- PROBLEM TO SOLVE
The material below contains a line with "- Можно использовать" and a line with "profesionální šroubováky určené". Copy exactly those two lines and all lines between them.

- PROVIDED DATA

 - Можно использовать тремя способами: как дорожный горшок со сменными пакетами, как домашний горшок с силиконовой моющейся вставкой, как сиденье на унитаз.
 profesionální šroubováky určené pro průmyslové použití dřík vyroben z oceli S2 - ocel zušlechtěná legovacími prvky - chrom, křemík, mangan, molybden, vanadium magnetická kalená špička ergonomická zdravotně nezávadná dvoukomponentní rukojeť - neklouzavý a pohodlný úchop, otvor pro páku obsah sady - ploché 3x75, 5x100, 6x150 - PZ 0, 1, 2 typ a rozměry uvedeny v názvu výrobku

---

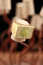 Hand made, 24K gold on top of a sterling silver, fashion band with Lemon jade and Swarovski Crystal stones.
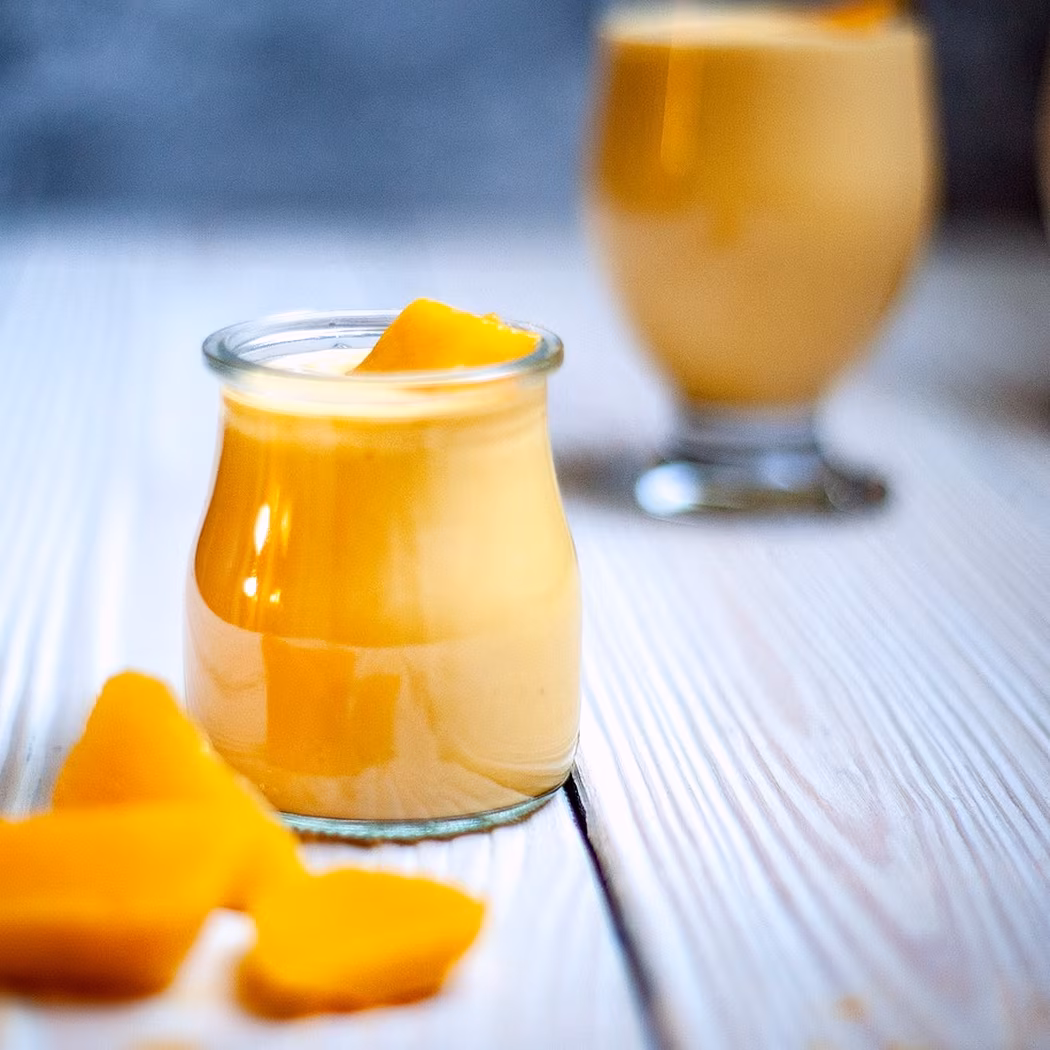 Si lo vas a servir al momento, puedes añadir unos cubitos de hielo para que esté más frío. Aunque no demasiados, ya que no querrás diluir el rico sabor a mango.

* * *

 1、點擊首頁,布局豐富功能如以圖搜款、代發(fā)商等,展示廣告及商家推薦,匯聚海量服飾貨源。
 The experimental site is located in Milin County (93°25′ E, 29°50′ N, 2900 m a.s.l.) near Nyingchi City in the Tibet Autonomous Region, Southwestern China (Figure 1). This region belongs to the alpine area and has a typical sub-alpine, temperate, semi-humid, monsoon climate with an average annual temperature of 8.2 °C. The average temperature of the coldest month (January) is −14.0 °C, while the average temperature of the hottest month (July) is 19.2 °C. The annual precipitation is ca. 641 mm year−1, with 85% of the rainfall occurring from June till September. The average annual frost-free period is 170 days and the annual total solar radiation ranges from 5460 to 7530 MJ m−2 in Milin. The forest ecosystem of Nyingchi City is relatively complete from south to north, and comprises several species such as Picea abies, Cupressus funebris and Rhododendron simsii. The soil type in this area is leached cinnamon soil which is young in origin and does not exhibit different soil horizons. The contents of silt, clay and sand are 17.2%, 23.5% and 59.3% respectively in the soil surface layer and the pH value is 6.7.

- REPLY TO THE EXERCISE
 - Можно использовать тремя способами: как дорожный горшок со сменными пакетами, как домашний горшок с силиконовой моющейся вставкой, как сиденье на унитаз.
 profesionální šroubováky určené pro průmyslové použití dřík vyroben z oceli S2 - ocel zušlechtěná legovacími prvky - chrom, křemík, mangan, molybden, vanadium magnetická kalená špička ergonomická zdravotně nezávadná dvoukomponentní rukojeť - neklouzavý a pohodlný úchop, otvor pro páku obsah sady - ploché 3x75, 5x100, 6x150 - PZ 0, 1, 2 typ a rozměry uvedeny v názvu výrobku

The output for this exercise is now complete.